Monthly Archives: May 2014

Teach them HOW to do homework

One of my grad school professors taught me how to read.

Okay, so I knew HOW to read (hold your snarky math teacher comments, English folk), but I didn’t realize I had no idea how to read for an academic context. For one of our very first assignments, our professor set up a very sneaky experiment that taught me I wasn’t reading very well. He told the whole class that for one of our more dense and academic readings for the next week*, one person would be randomly selected to lead a class-wide discussion. This was early on in a program with a group of 22 all-star, experienced educators. Very scary.

I was terrified into competency.

Instead of just reading it straight through and perhaps highlighting, I wrote questions in the margins, connected various parts of the text, made a list of the main ideas, pulled out quotes that could generate discussion, and generally actively thought about the content of the article.
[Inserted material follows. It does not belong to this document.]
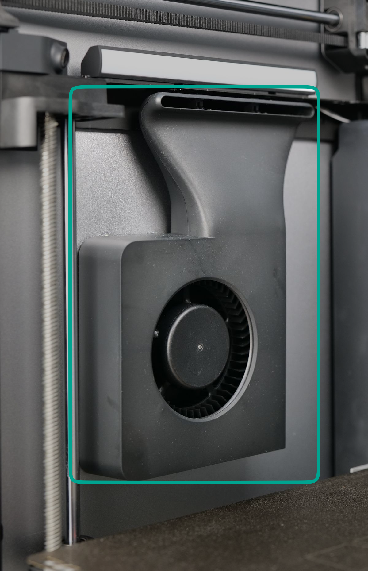 To address this, the auxiliary cooling fan creates a controlled airflow blanket over the freshly printed layer, helping it solidify quickly and evenly. This ensures better layer bonding and reduces issues like sagging or warping, especially when printing at higher speeds or using materials that require precise cooling control, like PLA.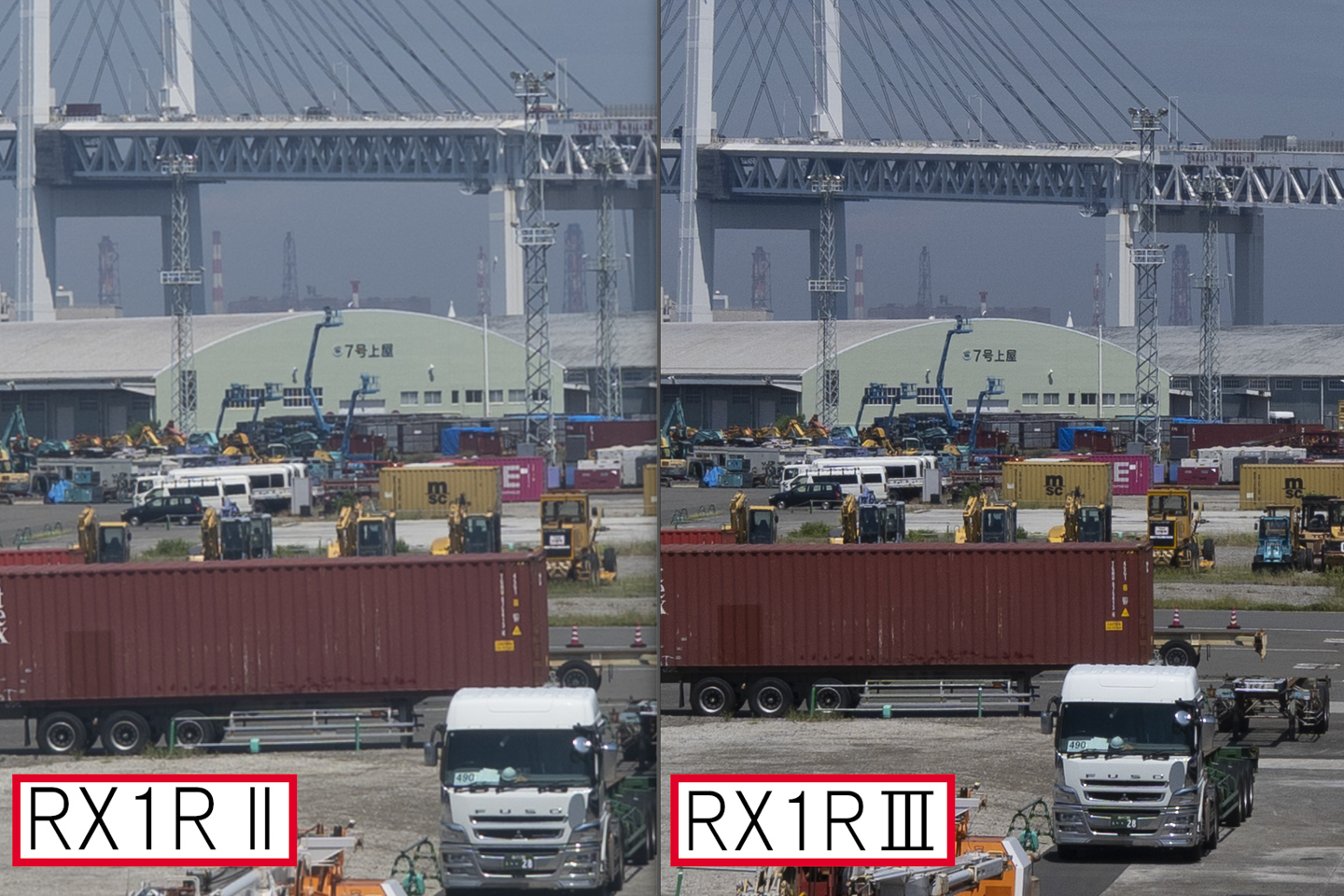 次に三脚を使用して同条件で撮影したRX1RIIIとRX1RIIをともにAdobe Camera Rawにて展開比較。データの結果は似ているものの、画素数の違いが素直に結果に現れている。ただ高感度域においてはRX1RIIも健闘しているように見える。

It turned out he was bluffing, which he revealed in class the next week. Phew, *changes underwear*.  But with this exercise, he made the point to us that the way we read that article was totally different from the way we probably read most of the other stuff. And more effective. I was thankful for this because for the rest of grad school, I read much more effectively. Even if I didn’t have time to read an entire article, I would spend a bit of time diagramming, writing questions in the margins, and actively engaging with the content. Instead of expending more effort, I used my effort more effectively.

How did I make it through so many years of education without knowing how to read? How much more could I have gained from both my high school and college education? How does this apply to our math students? How many of them are trying to do better by working MORE instead of by working MORE EFFECTIVELY? What can we do to show the how to do homework?

What’s a good meta-assignment that can show students how to do math homework effectively (without making them sh*t some bricks to learn the lesson)?

 
*Alfred North Whitehead, The Aims of Education. NB: I don’t really remember what it was all about 9 months later, but hey, I guess good teaching techniques have their limits?